- _Exercise brief_
In the copy you make, include no pictures, and transcribe every record exactly.

[Extracted data entries]
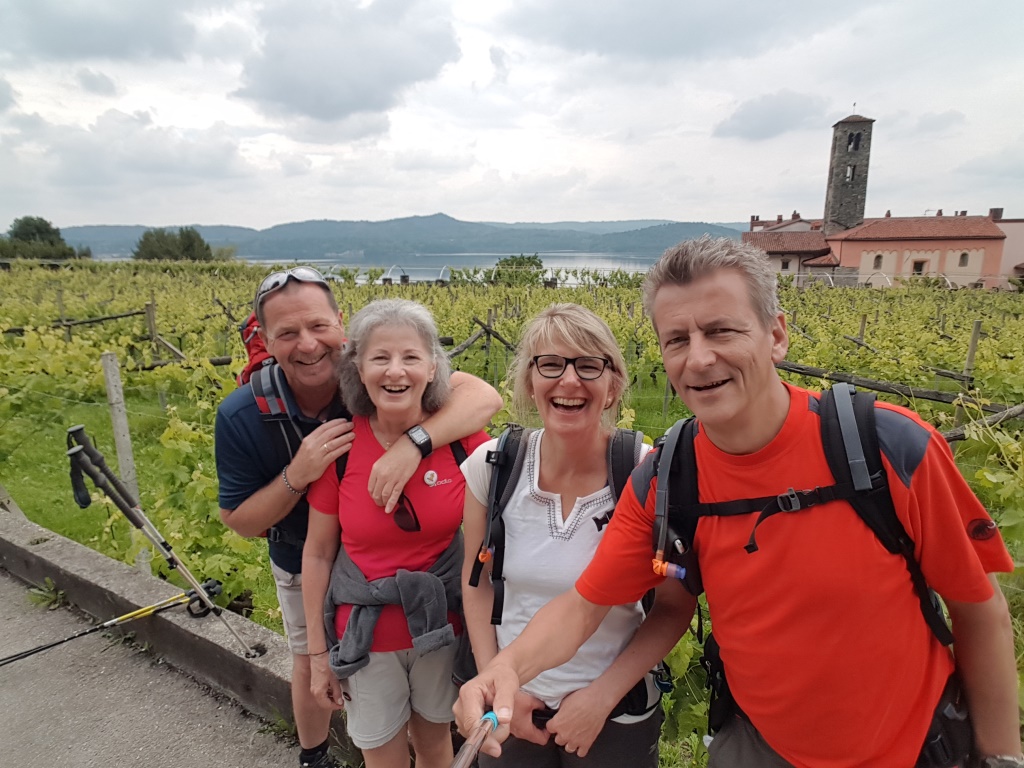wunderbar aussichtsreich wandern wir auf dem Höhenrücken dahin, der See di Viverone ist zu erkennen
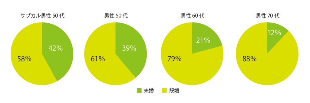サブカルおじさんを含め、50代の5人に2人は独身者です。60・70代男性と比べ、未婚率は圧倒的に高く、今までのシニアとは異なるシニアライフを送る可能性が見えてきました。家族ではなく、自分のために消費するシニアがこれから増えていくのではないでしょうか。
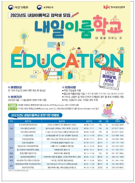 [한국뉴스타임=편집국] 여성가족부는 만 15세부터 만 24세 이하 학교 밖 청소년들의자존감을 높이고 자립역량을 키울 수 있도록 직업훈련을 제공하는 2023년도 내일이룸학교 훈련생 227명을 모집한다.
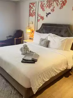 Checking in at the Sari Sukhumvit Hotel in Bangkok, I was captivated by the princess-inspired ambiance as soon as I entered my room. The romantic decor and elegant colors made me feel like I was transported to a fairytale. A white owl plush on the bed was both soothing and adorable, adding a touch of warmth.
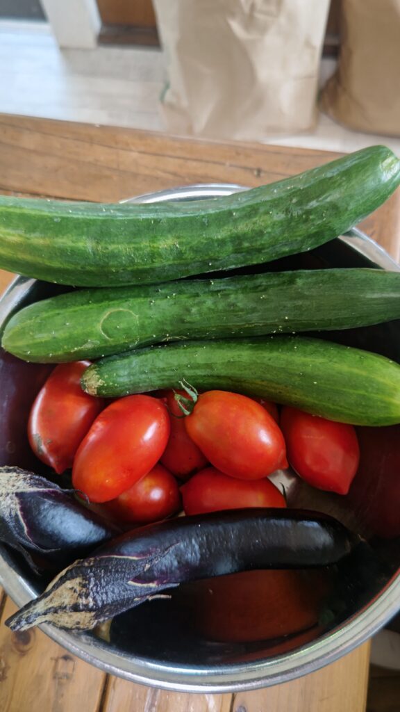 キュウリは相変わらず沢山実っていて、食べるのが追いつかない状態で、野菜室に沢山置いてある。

- _Written response_
wunderbar aussichtsreich wandern wir auf dem Höhenrücken dahin, der See di Viverone ist zu erkennen
サブカルおじさんを含め、50代の5人に2人は独身者です。60・70代男性と比べ、未婚率は圧倒的に高く、今までのシニアとは異なるシニアライフを送る可能性が見えてきました。家族ではなく、自分のために消費するシニアがこれから増えていくのではないでしょうか。
 [한국뉴스타임=편집국] 여성가족부는 만 15세부터 만 24세 이하 학교 밖 청소년들의자존감을 높이고 자립역량을 키울 수 있도록 직업훈련을 제공하는 2023년도 내일이룸학교 훈련생 227명을 모집한다.
 Checking in at the Sari Sukhumvit Hotel in Bangkok, I was captivated by the princess-inspired ambiance as soon as I entered my room. The romantic decor and elegant colors made me feel like I was transported to a fairytale. A white owl plush on the bed was both soothing and adorable, adding a touch of warmth.
 キュウリは相変わらず沢山実っていて、食べるのが追いつかない状態で、野菜室に沢山置いてある。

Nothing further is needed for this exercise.